The U.S. IPO market continued its multi-year rebound in 2025. A total of 347 IPOs priced on U.S. exchanges — a 54% increase from 225 in 2024 — reflecting renewed investor confidence in quality companies with proven business models. Globally, 1,293 IPOs raised $171.8 billion, a 39% increase in total proceeds year-over-year (EY Global IPO Trends, 2025).

Year Total U.S. IPOs Approx. U.S. Proceeds Market Conditions
2021 1,035 (all-time record) ~$142.4 billion Post-COVID bull market; SPAC boom
2022 181 Sharply reduced Rate hikes; tech selloff; market correction
2023 154 Recovering Cautious market; selective IPO window
2024 225 Moderate rebound Improving sentiment; quality-focused issuers
2025 347 (+54% YoY) Significant increase AI/TMT led; strong institutional demand; tariff uncertainty mid-year

Notable IPOs of 2025

The TMT (Technology, Media & Telecom) sector dominated 2025 IPO activity, accounting for seven of the top ten deals by proceeds. AI infrastructure companies attracted particularly strong investor demand. Healthcare contributed the year's single largest IPO — a $7.2 billion offering in December 2025. VC-backed IPOs dramatically outperformed PE-backed offerings, averaging returns of +450% vs. +18% post-IPO (DFIN, 2025).

Company Ticker Exchange IPO Price First-Day Open Sector Notable
CoreWeave CRWV Nasdaq $40.00 Below range (undersubscribed) AI Cloud Infrastructure Surged 300%+ post-IPO; Nvidia backstop buyer
Figma FIG Nasdaq $33.00 Strong pop on debut Design Software / SaaS Previously blocked Adobe acquisition; AI integration focus
Circle Internet Group CRCL NYSE $31.00 $69.00 (+123%) Crypto / Stablecoin (USDC) One of the largest first-day gains of 2025
Navan NAVN Nasdaq $25.00 Mixed debut Corporate Travel & Expense Tech Fell ~50% by mid-December 2025 — IPO risk example

Anticipated IPOs in 2026

The 2026 IPO pipeline is headlined by some of the most closely watched private companies in history. If even a fraction of the anticipated offerings come to market, 2026 could rival or exceed 2025 in total proceeds.

Company Sector Est. Valuation IPO Status (as of April 2026)
SpaceX Aerospace / AI $1.75 trillion+ Confidential S-1 reportedly filed; would be largest U.S. IPO ever
OpenAI Artificial Intelligence TBD IPO prep underway; CFO confirmed retail investor share allocation
Stripe Fintech / Payments ~$159 billion Tender offer completed at $159B valuation; co-founder says "in no rush"
Anthropic Artificial Intelligence TBD Reportedly working with banks and law firms on IPO planning
Discord Communications / Social TBD Confidential S-1 filed; potential debut Q2–Q3 2026

Note: IPO timelines and valuations are subject to change based on market conditions. The above information reflects publicly available reports as of April 2026 and does not constitute investment advice.

How to Invest in an IPO

Participating in an IPO at the offer price — before the stock begins open-market trading — has historically been difficult for retail investors. However, several major brokerages now offer IPO access to individual investors, with varying eligibility requirements.

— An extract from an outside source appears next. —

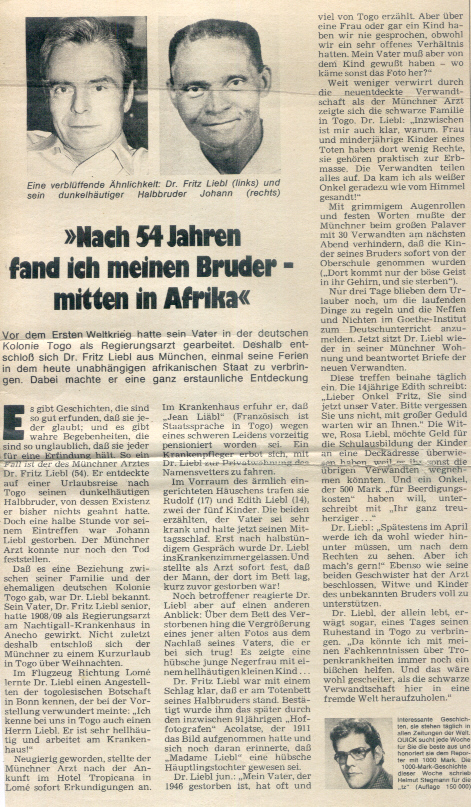 seiner Familie zu forschen. Er hat erfahren, von seinem eigenen Vater, dass da wohl noch ein Halbbruder existiert, und dass er auf der Suche ist nach diesem Halbbruder, der immer noch in Togo leben soll, seinen Namen

Brokerage Access Requirements

Most U.S. brokerages that offer IPO access require investors to meet one or more of the following conditions: a minimum account balance (often $100,000 or more at traditional firms), an active trading history, or qualification as an accredited investor. Platforms like Fidelity, Charles Schwab, and TD Ameritrade offer IPO access to qualifying retail clients. Newer platforms such as Robinhood and Public have worked to democratize IPO access for smaller investors, though allocation in high-demand offerings is not guaranteed and is often extremely limited.

Reading the S-1 Prospectus

The single most important document for evaluating any IPO is the S-1 registration statement, filed publicly with the SEC at EDGAR. Before investing, investors should review: the company's revenue growth trajectory and profitability (or path to it); the "Use of Proceeds" section, which reveals what the company plans to do with the IPO funds; the "Risk Factors" section, which discloses known threats to the business; insider ownership and planned selling after the lock-up expires; and competitive landscape disclosures.

Risks of IPO Investing

First-Day Volatility

IPO stocks often experience extreme price swings on their first day of trading. Retail investors who buy at the market open — well above the IPO offer price in hot offerings — may face immediate losses if the initial surge fades. Circle (CRCL) opened at $69 in 2025 after pricing at $31; investors who chased the opening day pop paid a significant premium.

Limited Operating History

Newly public companies have limited track records as public entities. Financial projections and business models have not been stress-tested by the scrutiny of quarterly earnings reports, short sellers, and analyst models. Many IPOs fail to meet early growth expectations, leading to significant stock declines within the first year.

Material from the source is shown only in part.